AFRICAN REFORMATION: African Initiated Christianity in the 20th Century

AFRICAN REFORMATION: African Initiated Christianity in the 20th Century


Author(s): Allan H. Anderson, HARDCOVER
Edited By Allan H. Anderson, HARDCOVER

Purchase: EURO $99.95

Type: Book
Language: English
ISBN: N/A
ISSN: N/A
Content:: Indigenous Knowledge
Source: African World Press
Timeline: The Contemporary Age - From 1789 to 2011
Published: 2019

Description

African Reformation provides an overview of African initiated churches (AICs) in different parts of Sub-Saharan Africa, examining the reasons for the emergence and growth of churches that have resulted from the interaction between Christianity and African pre-Chrisitan religions. It describes the characteristics of different types of churches and the lessons they teach the universal church. Concise histories, teachings, beliefs, and practices of representative churches in different African countries and their significance for world Christianity are examined. Different kinds of AICs are discussed, from the earliest "Ethiopian" and "African" churches that emerged at the end of the nineteenth century to the later, more prolific"prophet-healing" and "spiritual" churches, the main focus, and the most recent "new Pentecostal" or "Charismatic" churches have have developed since 1970. The reasons for the emergence, development and growth of AICs in the twentieth century is considered. Much of the book is historical, discussing the ancient Ethiopian church, Kimpa Vita (Dona Beatrice) and the birth of the AIC movement in the Kongo Kingdom, and early movements in West Africa and South Africa at the end of the nineteenth century. 

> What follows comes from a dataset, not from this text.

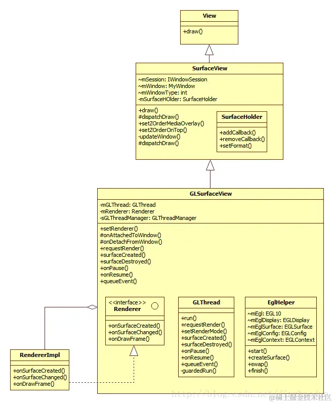 由如下类图可知,类似SurfaceView的SurfaceHolder提供了一些操作Surface的接口,GLSurfaceView中的EglHelper实现了管理EGL环境的工作,GLThread作为渲染线程。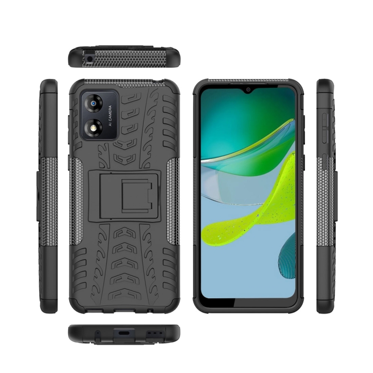 Funda para Motorola Moto E13 TPU + PC con Soporte Tire Texture (Negro)

The AICs in different regions are then discussed, such as the fascinating story of the Liberian prophet William Wade Harris and the Harrist movement that emerged from his remarkable ministry, as well as their influence on AICs throughout West Africa, the rise of 
spiritual churches" in Ghana, and "Aladura" (praying) churches in Nigeria. Parallel developments in AICs south of the Zambezi, with particular focus on Zimbabwe and South Africa, are then treated, where the greatest proliferation of AICs in the continent is to be found, especially the Zionist and Apostolic movements in Southern Africa and the more unusual Zulu movement of Isaiah Shembe, the Nazareth Baptist Church or "amaNazaretha." The focus shifts to the area from the Congo Basin to the Zambezi, with the moving story of Simon Kimbangu and Kimbanguism in the Congo, the rise of Ngunzism, and the tragic episode of Alice Lenshina and the Lumpa movement in Zambia. In East Africa and particularly in Kenya, AICs have proliferated. Some of the particular churches unique to that region are discussed. The more recent development of the "new Pentecostals" that have arisen in different parts of the continent in the last three decades of the twentieth century are discussed, along with the rapidly growing independent Pentecostal of Charismatic churches and the challenges these present to the church in Africa today.

The significance of these specific churches for the mission and theology of the church in Africa is considered, including the churches' innovative adaptations and their attitudes towards older African religious beliefs, their contribution to an "enacted" and contextualized African theology, and finally, the reforming initiatives of AICs and their challenges to the universal church. This contribution is so far-reaching that Anderson considers this to be a reformation of at least the magnitude of the Protestant Reformation in Europe, and one may be excused for concluding that this was perhaps a more profound Reformation than the European one ever was. 

ABOUT THE AUTHOR

Allen Anderson is a South African, an 'insider' and prolific writer on African initiated Christianity, particularly in its Pentecostal forms. He has written numerous articles and five books on the subject, including Moya: The Holy Spirit in an African Context (1991), and Zion and Pentecost (2000). He was formerly principal of Tshwane Theological College in South Africa, and researcher at the University of South Africa (1988-1995), from where he gained his doctorate in 1992. Since 1995 he has been director of the Research Unit for New Religions and Churches in the School of Historical Studies, University of Birmingham, England.